La scelta del periodo unico di valutazione al Liceo Bottoni con conseguente “abolizione della pagella del primo quadrimestre” ha scomodato addirittura i vip del giornalismo italiano, come il sempre attento Gramellini che ancora una volta non manca di esprimersi su scelte educative ed elargire giudizi morali (conservatori).
La notizia è comparsa su varie testate nazionali con un ragguardevole apparato di errori, imprecisioni, notizie false e titoli clickbait e ha subito scatenato un’ondata di commenti indignati per il “rammollimento” della scuola, pronta ad adeguarsi a una generazione di giovani smidollati e capricciosi (questo il senso generale).
Da docente fiera di insegnare al Bottoni, desiderosa di trasformare in meglio la scuola, innamorata del proprio lavoro e fiduciosa che le sperimentazioni didattiche siano, tendenzialmente, un bene (si può sempre tornare indietro), faccio alcune brevi considerazioni.
1. Le motivazioni della scelta del periodo unico sono variegate e complesse (oltre che ragionate e discusse collegialmente). Ma anche qualora si riducessero all’unica che viene citata (diminuire lo stress degli studenti), francamente non capisco cosa ci sarebbe di male. Lo stress non è funzionale al lavoro. Lo stress non fa prendere voti più alti. Lo stress non prepara alla vita, anzi la peggiora e la accorcia. Quest’idea che la scuola funzioni solo se è stressante è ideologica e menzognera. Basta stare un solo giorno in classe per rendersene conto, senza doversi leggere la letteratura psicologica e pedagogica di decenni.
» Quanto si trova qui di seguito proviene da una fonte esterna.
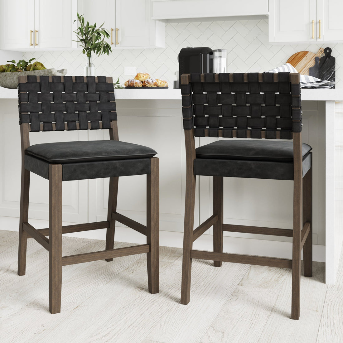 Faux Leather Woven Counter Height Bar Stools Black (Set of 2)
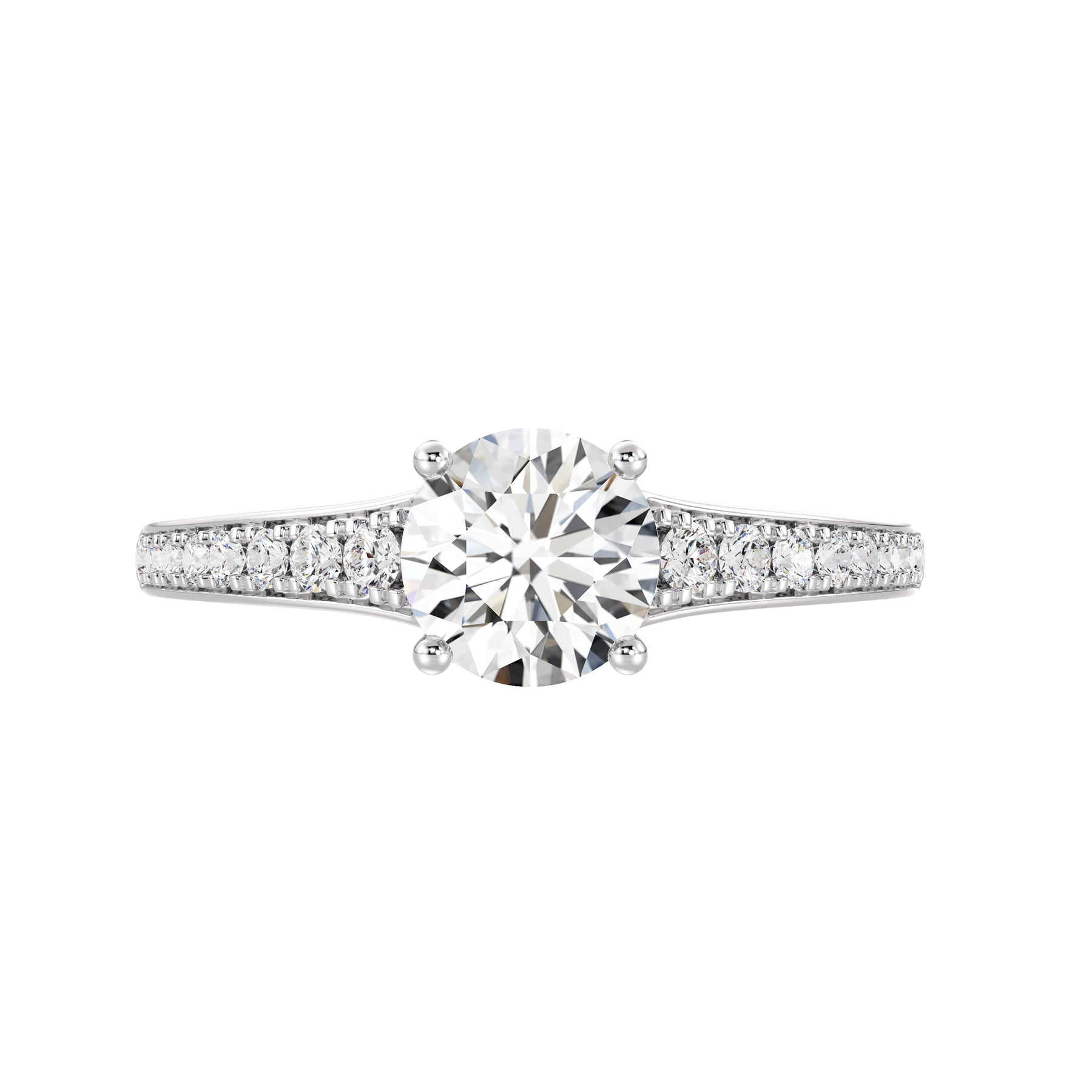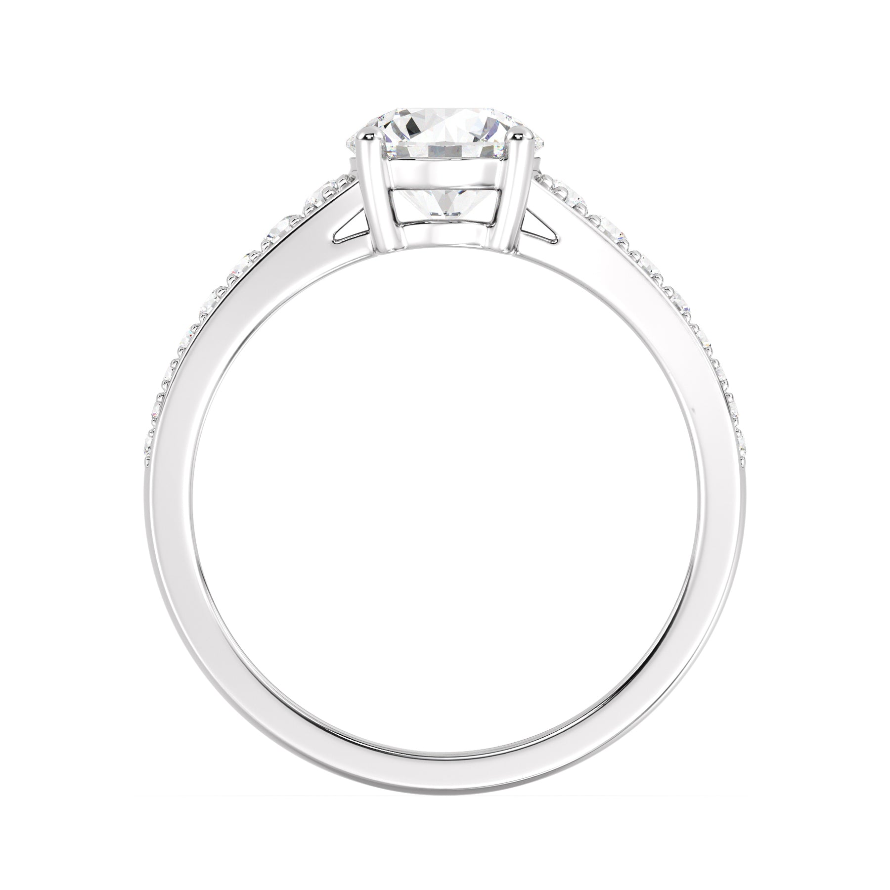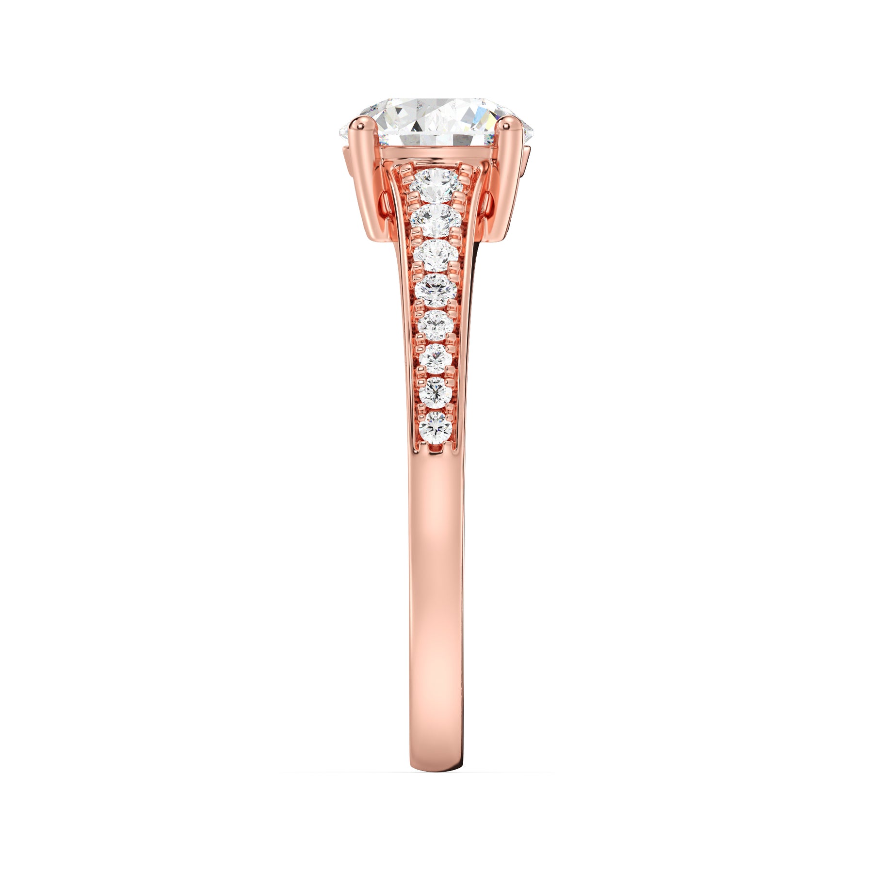 Make a statement with this 1.00ct Round-Cut Lab-Grown Diamond Ring, featuring a refined band that gracefully tapers from wide to narrow for an elegant, balanced silhouette. The IGI-certified center diamond radiates exceptional brilliance, perfectly complemented by 16 SGL-certified prong-set accent diamonds (0.21ct) that graduate in size along the shank — larger near the center and smaller toward the edge for a seamless flow of sparkle. Expertly crafted in 18K yellow, white, or rose gold, this ring embodies timeless beauty and contemporary craftsmanship, making it an exquisite choice for engagements or special occasions.

2. L’effetto sul lavoro degli studenti del periodo unico è esattamente l’opposto di quello che si teme, cioè che smettano di studiare “perché non c’è la pagella”. Non sono state abolite valutazioni, autovalutazioni, riscontri, prove di verifica, esercitazioni etc. I voti sono rimasti e sono visibili tutto l’anno sul registro elettronico. Semplicemente tutto quello che accade tra settembre e gennaio sarà in qualche modo preso in considerazione nella valutazione finale di giugno, dando più spazio e valore all’intero percorso annuale degli studenti e non semplicemente al lavoro di quattro mesi. In che modo questo spingerebbe gli studenti a studiare di meno?
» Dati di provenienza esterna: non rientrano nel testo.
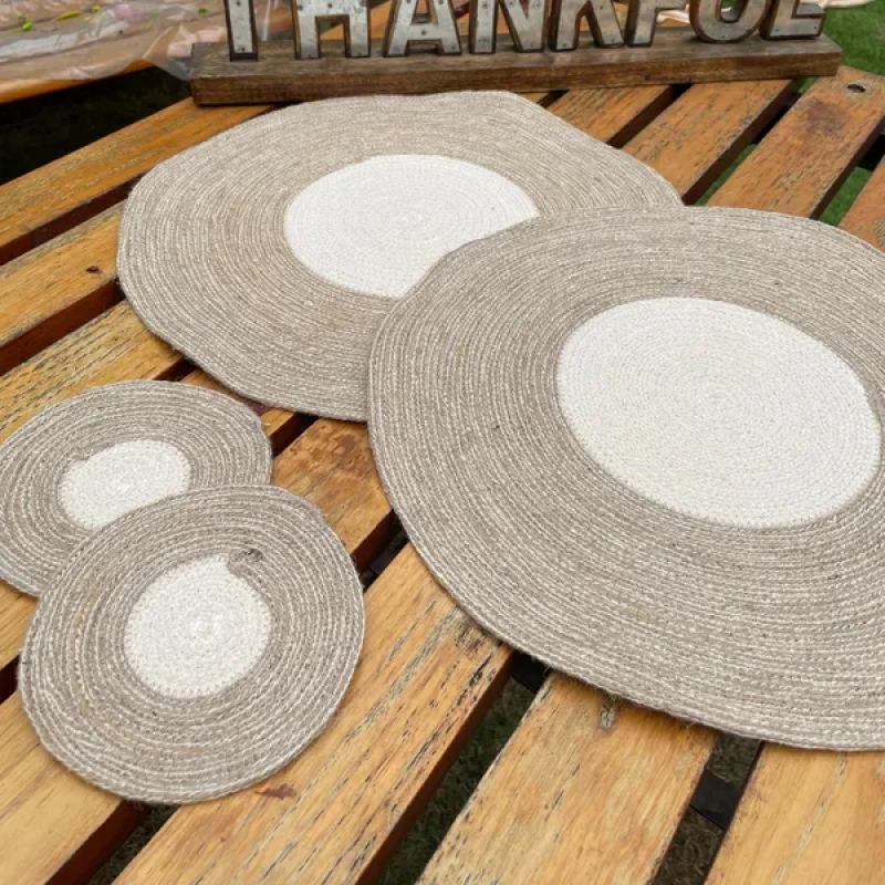 Introducing Circle of Serenity White Jute Placemat into your dining environment will add organic beauty to the dinner table. Having been specifically designed to provide comfort while dining, this placemat has a jute texture coupled with a plain white color to give any diner a good table feel. Whether you are dining with family in a home setting, having a hearty snack, or simply making a simple design addition to your everyday table setting, the Circle of Serenity Placemat is a perfect complement to add an aura of timeless elegance to your table while bringing in an aspect of sustainability with its materials.
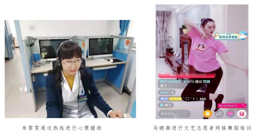 还有社员利用专业及特长,通过心理援助热线、“空中课堂”教学、文化作品创作,表达祝福与感动,鼓舞群众士气,坚定必信念。
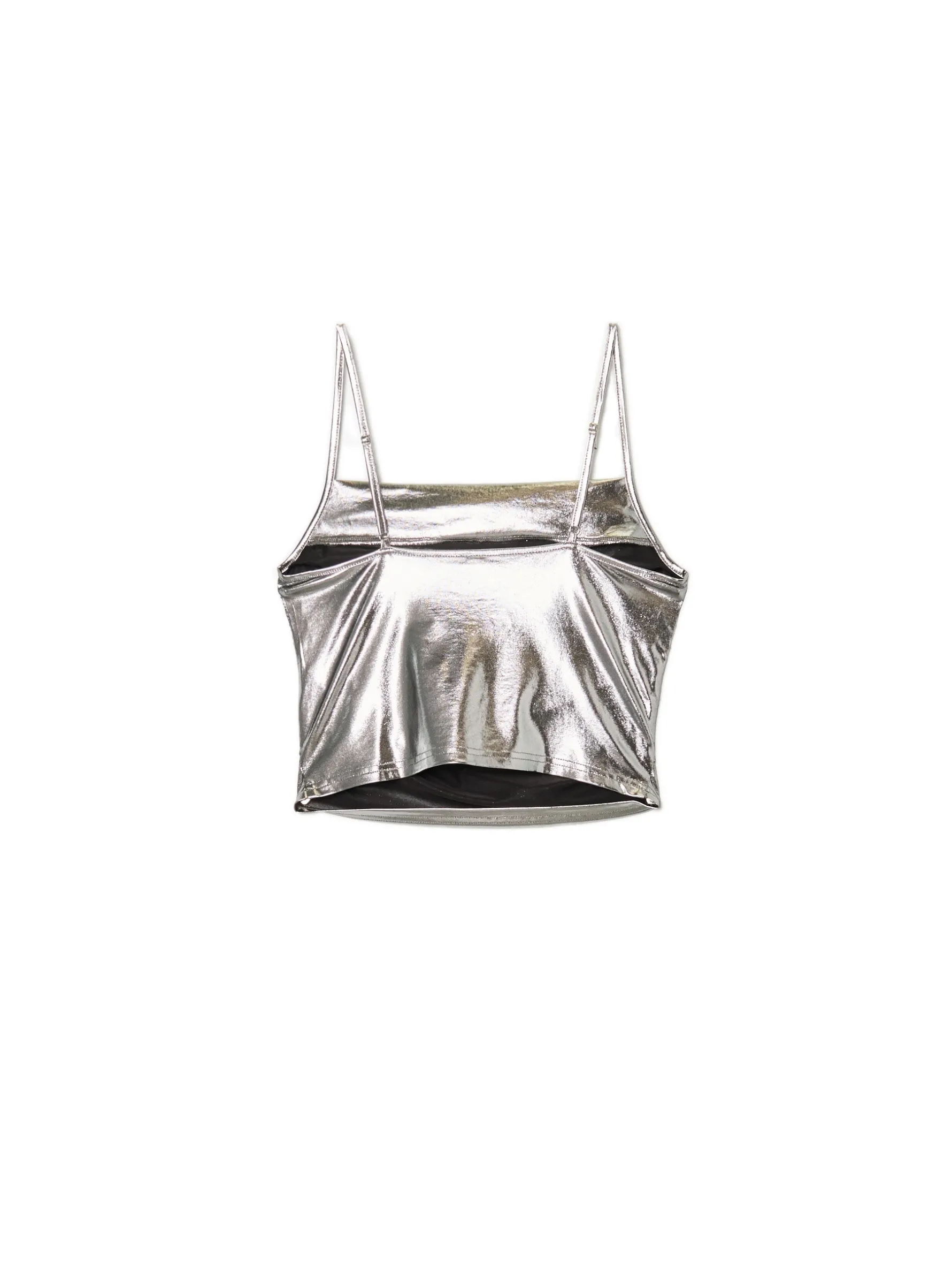 Cropp Koszulki, Topy*Błyszczący srebrny top jasnyszary

3. In alcune classi e limitatamente ad alcune materie è stata avviata una sperimentazione, in collaborazione con l’Università Bicocca, per la sostituzione del voto numerico con un un lavoro strutturato di riscontri descrittivi, personalizzati e funzionali alla crescita educativa. In che modo questo offende il fare seriamente scuola? È meno serio chiedere allo studente di comprendere le ragioni per cui non è riuscito a svolgere un certo compito invece che mettergli 3 e ripetergli a pappagallo quello che deve fare? È un invito alla pigrizia l’invito all’autocritica e al ragionamento sul proprio operato?
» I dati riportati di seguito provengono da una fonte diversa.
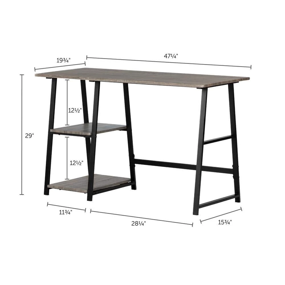 Workstation with Shelves. This computer desk will be great in your home. You get open storage with two fixed shelves. The piece, which is also not very bulky, is finished on all sides, so you can place it wherever you like in your space. Underneath Storage. The lower part, made up of 2-shelves, is perfect for small spaces like in the living room. Giving it a sturdy and modern look, you can use it for books, paperwork, or some baskets. A Handy Industrial Style Desk. This computer desk from the Evane collection gives you a large surface where you can work in comfort. And if you spill a few drops of your beverage, no worries the work surface is water resistant. 1-year limited guarantee. South Shore is proud to stand behind this industrial computer desk with storage with an exclusive 1-year limited guarantee. Shop with confidence knowing your purchase is always covered. All our products meet or exceeds North American safety standards and our packaging are tested and certified to reduce the risk of damage during shipment. This item is shipped in 1 box, make sure to have a friend with you. Assembly is required by 2 adults and tools are not included. If you have questions regarding this product or need assistance do not hesitate to contact South Shore Furniture 7 days support. This product is made in China for South Shore with laminated particleboard and Metal. Accessories not included.
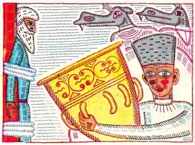 От царенко зв’язав діда і підійшов до вогню. А там стояв величезний казан з дев’ятьма ручками. Підняв царенко однією рукою казана, набрав жару та й знову поставив.
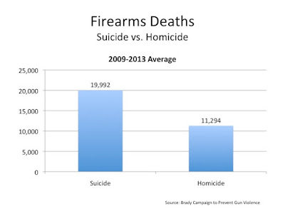 It is also true that firearms are much more likely to be used to commit suicide than to commit a homicide. In fact, almost 2/3 of deaths from firearms in the first five years of the Obama administration were from suicides.
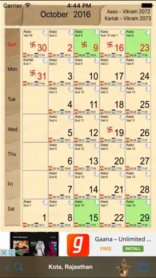 This is a Jain Tithi Panchang for Vikram Samvat 2070 (English years 2013-14). The calendar provides Tithis and significant events throughout the year as perceived by Digambar Jains. The Aatham & Chaudas are marked distinctly in green. The accurate sunrise & sunset timings of several locations in India can be ascertained.
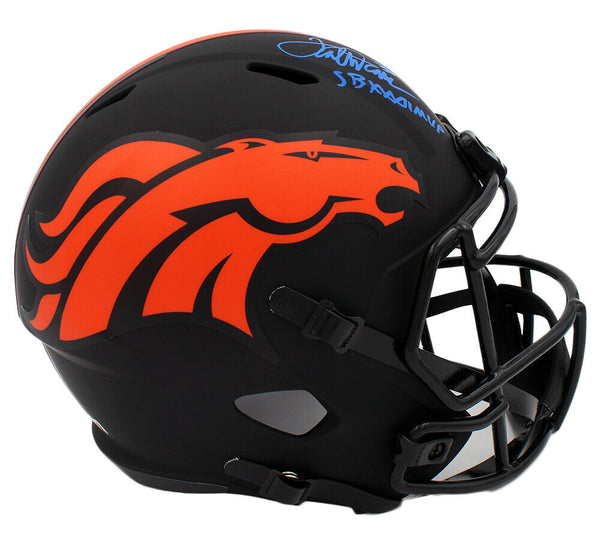 A Denver Broncos Speed Replica Eclipse NFL Helmet hand signed by Terrell Davis. The item and signature are in excellent condition. In addition to signing his name, Terrell inscribed "SB XXXII MVP" on the item. Terrell is a former NFL running back. He was drafted 6th round in the 1995 NFL Draft by the Denver Broncos. 2x Super Bowl Champion, Super Bowl (XXXII) MVP, 3x Pro Bowler, 3x First-Team All-Pro, 1998 NFL MVP. AUTHENTICATION: The item is accompanied by a Terrell Davis Exclusive Certificate of Authenticity - Terrell Davis Exclusive Serial Numbered and Databased Hologram - Picture of Terrell from the Signing -
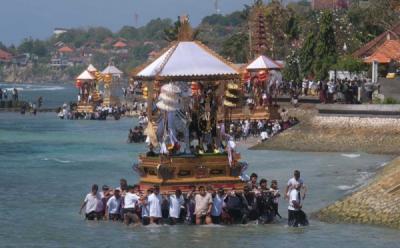 Persiapan Hari Raya Kuningan di Pura Sakenan Denpasar

4. Educare può essere un esercizio di potere (così lo intendono in molti) o un un percorso condiviso di emancipazione e crescita. La seconda strada è più difficile e richiede di mettersi in gioco. Siamo sicuri che sia meno fragile un adulto che premia e punisce (magari con un “8” o un “3”), dalla sua posizione di autorità, rispetto a un adulto che rifiuta mezzi semplici di coercizione e sottomissione per mettersi sul piano del rispetto, del dialogo, della ragione critica e della maturazione condivisa?